Letters to my Comrades by Jordan Zweledinga Pallo;

Letters to my Comrades by Jordan Zweledinga Pallo;

Author:Jordan, Zweledinga Pallo;
Language: eng
Format: epub
Publisher: Jacana Media
Published: 2017-01-01T05:00:00+00:00


THIRTEEN

A response to a letter by Stephen Mulholland, managing editor of Times Media Limited, which combines humour and a stringent critique of Mulholland’s claims.

Letter to the Editor

Sunday Times, 3 February 1992

Sir.

I was persuaded that either the English language has become a little opaque or my ability to express myself clearly in it has become impaired after reading Mr Stephen Mulholland’s letter in the Sunday Times, 2nd February 1992.

I find it odd that Mr Mullholland seems think that racial laws came onto South African statute books with the National Party’s victory in 1948. Surely he is aware that many of these preceded the 1948 elections by at least 38 years, beginning with the exclusion of people of colour from a full franchise in terms of the 1909 Act of Union. Others, carried over into the Union, came into effect in the British colonies and the Boer republics during the 19th century.

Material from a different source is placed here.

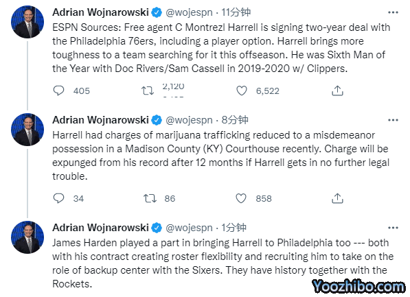 Woj还透露,詹姆斯-哈登在将哈雷尔带到费城的过程中也发挥了作用,哈登的合同创造了阵容灵活性,并招募哈雷尔在76人队担任替补中锋的角色。

I was under the impression that such facts were imparted as part of the high school history syllabus.

The laws I was specifically referring to are the 1913 Natives Land Act; the 1923 Urban Areas Act; the 1927 Native Laws and Administration Act; the 1936 Natives Land and Trust Act and the 1946 Asiatic Land Tenure Act.

Though the National Party opposed none of these laws, it was not directly responsible for any, except for the 1927 Native Laws and Administration Act. After 1948 the National Party built on and elaborated the edifice of racial laws it found in existence, tightening up their provisions and introducing a consistency born of its own fanaticism.

Responsibility for the destruction of the property-owning classes among the African people and other black groups must therefore be shared among both the National Party and the former South African Party/United Party axis.

All serious historians recognise the role played by both the mining houses and White agricultural interests in pressing for the 1913 Land Act: The mining houses motivated by a desire to secure their labour supply; the White farmers to eliminate a troublesome potential competitor. Attempts to saddle the National Party, and by implication its constituency, alone with these pernicious policies will just no longer wash!

The point I wished to make is that having deliberately engineered this set of circumstances through its exclusive hold on political power, the advantaged racial community today insists that property rights are sacred and should not be tampered with.

There is an old Yiddish saying: ‘Please do not piss on my back and tell me its rain! ‘I fear Mr Mullholland seems intent on doing exactly that to your readers. Successive White governments, before and after 1910, have ridden roughshod over the property rights of every black group in this country! The principle, if that is what it can be called, we are being asked to accept is that the property rights of Whites are sacred and should not be tampered with!

My recounting of the tale about the ANC branch in Drakenstein was to illustrate the effect that the power wielded by the property-owning classes, (who now are, thanks to the laws tabulated above, almost exclusively White) over the propertyless.